* **Task objective**
Begin with the first line below and retype each line exactly through the line containing "Livro Infantil Desenhos". Any pictures are to be left out.

[Extracted data entries]
★ ★ ★ ★ ★ ★ ★

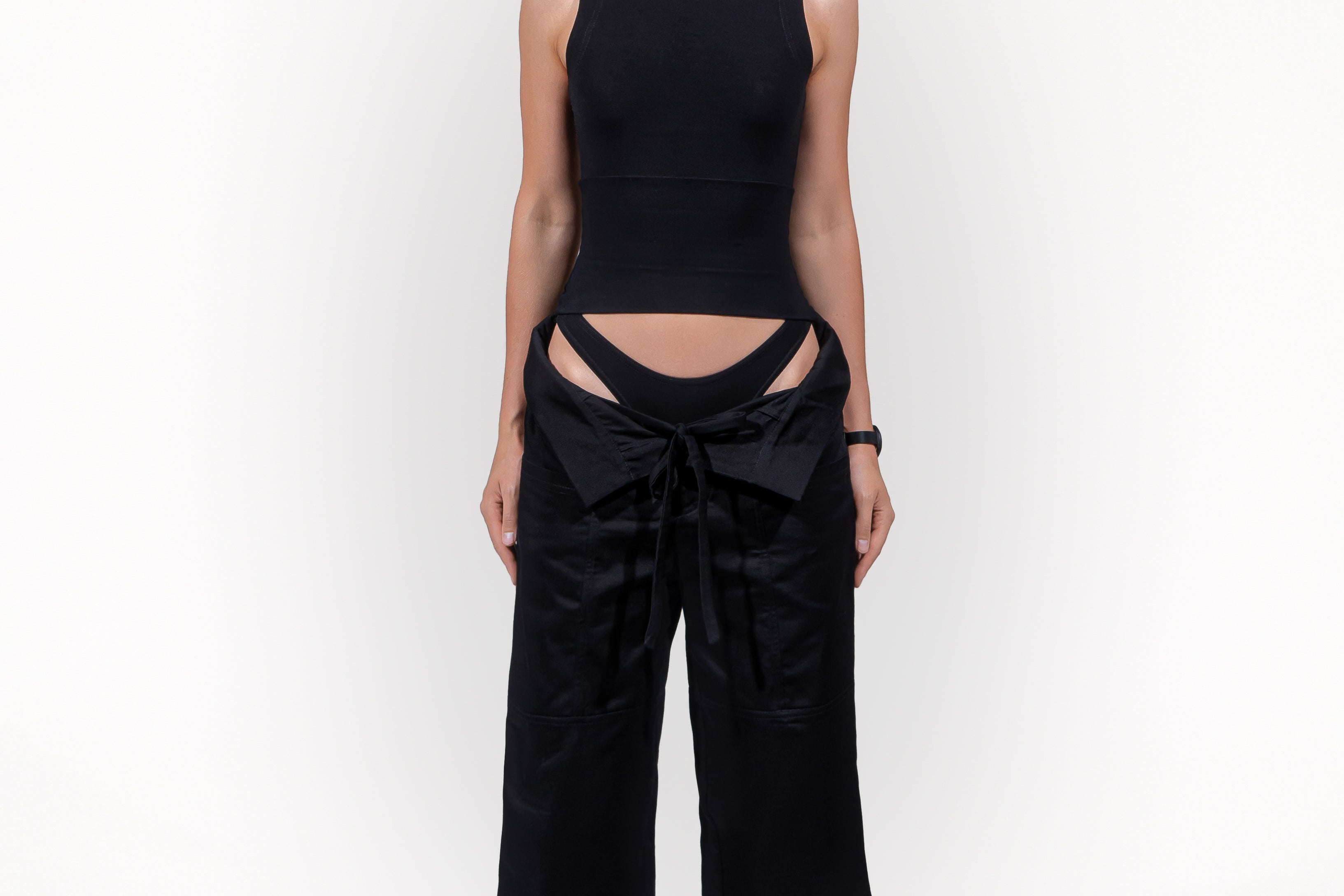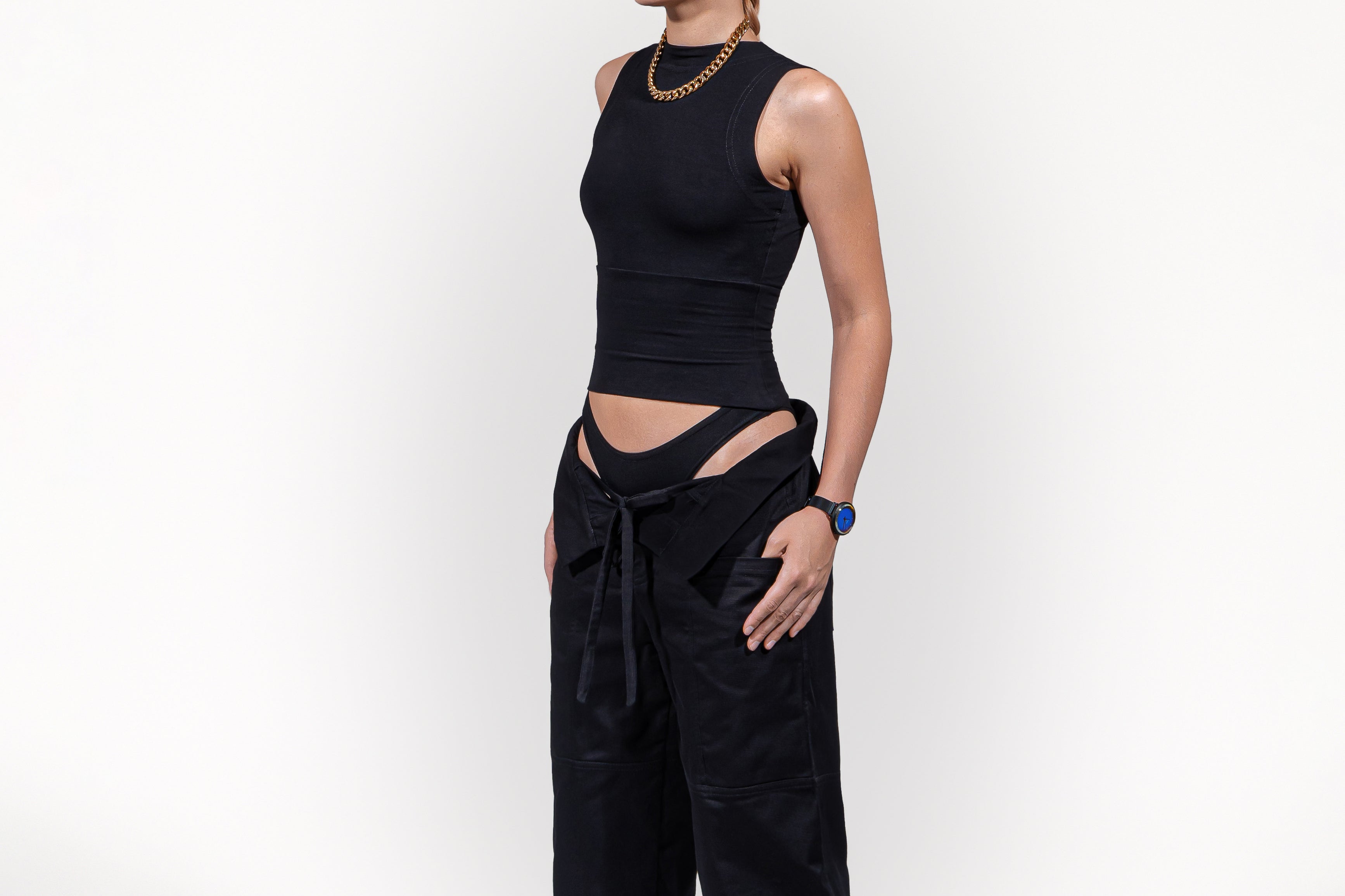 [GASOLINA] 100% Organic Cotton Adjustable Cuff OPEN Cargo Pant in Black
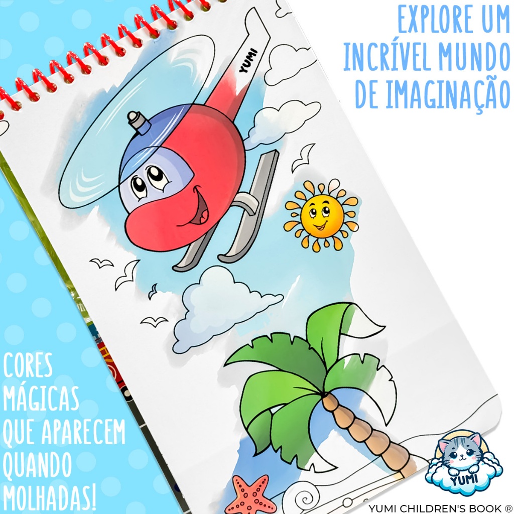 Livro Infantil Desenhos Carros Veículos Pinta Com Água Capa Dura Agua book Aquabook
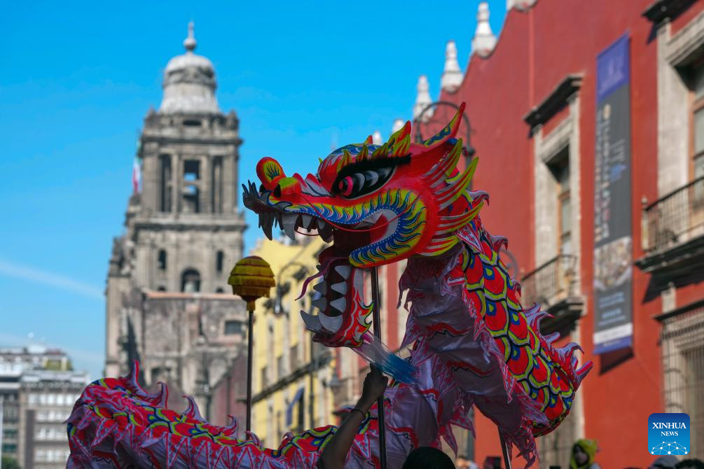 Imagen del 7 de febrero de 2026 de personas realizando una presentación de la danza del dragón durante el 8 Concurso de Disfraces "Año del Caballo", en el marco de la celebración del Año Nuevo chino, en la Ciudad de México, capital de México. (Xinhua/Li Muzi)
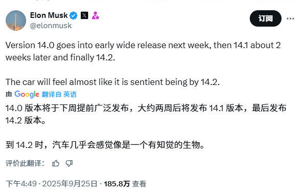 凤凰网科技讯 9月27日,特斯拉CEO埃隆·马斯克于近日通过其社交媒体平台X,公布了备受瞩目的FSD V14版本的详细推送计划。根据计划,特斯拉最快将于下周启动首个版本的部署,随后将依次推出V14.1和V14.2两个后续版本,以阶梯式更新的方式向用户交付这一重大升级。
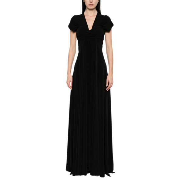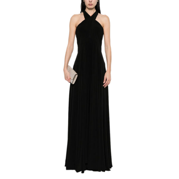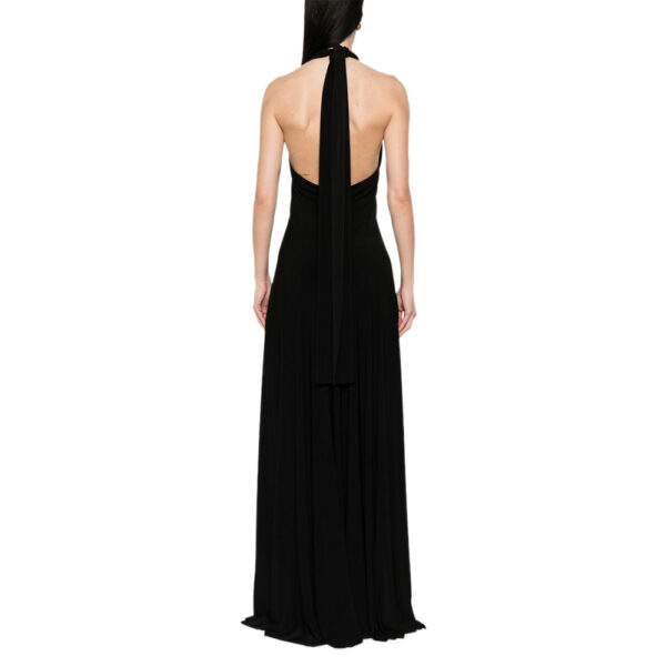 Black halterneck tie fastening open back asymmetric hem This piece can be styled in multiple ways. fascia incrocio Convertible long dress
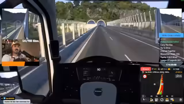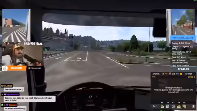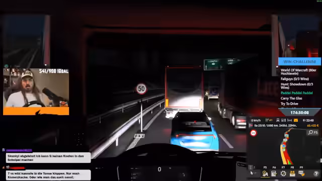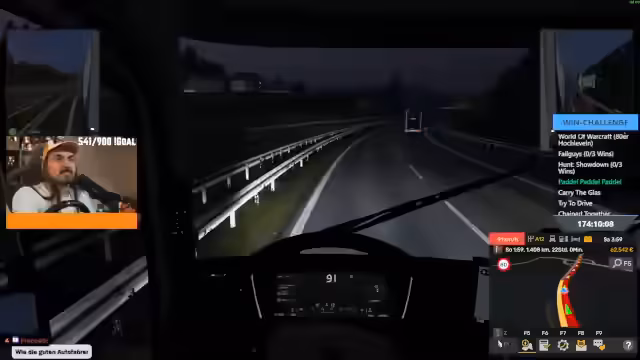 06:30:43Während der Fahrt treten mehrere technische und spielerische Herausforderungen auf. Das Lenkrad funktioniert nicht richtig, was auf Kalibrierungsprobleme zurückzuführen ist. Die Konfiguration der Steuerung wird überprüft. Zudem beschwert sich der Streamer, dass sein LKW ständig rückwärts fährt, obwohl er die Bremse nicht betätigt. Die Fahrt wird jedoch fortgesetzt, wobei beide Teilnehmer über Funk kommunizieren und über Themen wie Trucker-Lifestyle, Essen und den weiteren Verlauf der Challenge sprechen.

★ ★ ★ ★ ★ ★ ★

* **Result of the exercise**
 [GASOLINA] 100% Organic Cotton Adjustable Cuff OPEN Cargo Pant in Black
 Livro Infantil Desenhos Carros Veículos Pinta Com Água Capa Dura Agua book Aquabook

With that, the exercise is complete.